The analogy with Australia’s A$3.7 billion Media Super is that that fund made the position of CIO – formerly occupied by Dr Jon Glass – redundant in April, citing costs or better deployment of resources elsewhere as the reason.
Media Super’s CEO, Graeme Russell, now also adopts the CIO role.
Investor Strategy News criticized that move and recommended the Media Super chair, Gerard Noonan, and union representative, Chris Warren, both of whom have been on the board for more than 20 years, should be replaced and the fund’s management reinvigorated. Investor Strategy News and its predecessor media companies have all been a contributing employers to Media Super and its predecessor funds since around the time of the introduction of Award Super in 1986.
aiCIO said: “The union has posted a confidential draft of the new rules to its website with the following introduction: ‘Some UN staff members might ask himself why does the CEO want delegation of authority to pick his staff?…When he picks the staff to be in the fund they will be the ones that do everything he says for them to do. He is trying now to change the rules about how he can spend all the money. Away from the UN, when he makes UNJSPF [the UN’s pension fund] the ‘financial institution,’ he will make all the rules to be his rules that his staff members (the cronies) that he picked to hire will follow… All his say. All power to him.’

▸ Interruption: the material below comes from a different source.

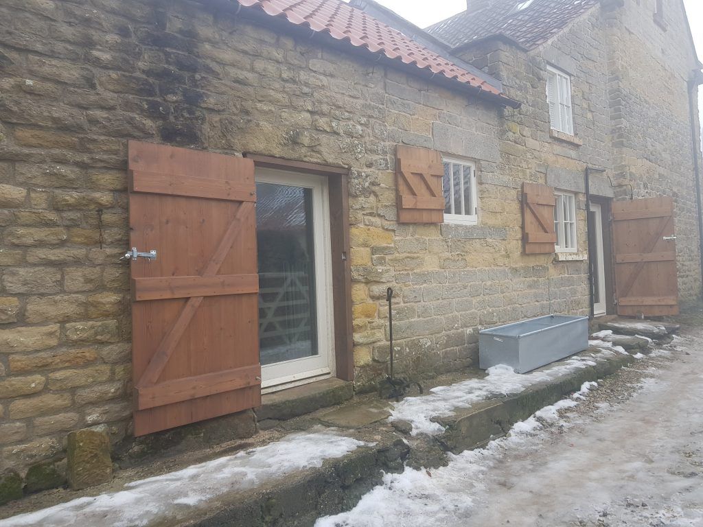 We carried out work to take off the roof of the main barn and fit a new timber roof reinstating the existing timber A frames, then fitting new tiles on front elevation side and re-using the existing roof tiles on the back elevation. Our Joiner’s made and fitted all new timber doors and windows. The small barn was rebuilt. And additional new doors were made and fitted to the main house.

“However, the UN’s own auditors have criticized the $52 billion pension fund’s byzantine governance and called for its streamlining. In a 2011 audit of its investment management and oversight, six of the seven recommendations related to governance.
“The pension’s strategic plan for 2014/2015 listed “strengthening the fund’s operating model” as its foremost long-term objective, ahead of improved risk management, better IT systems, and promotion of social and environmental issues.”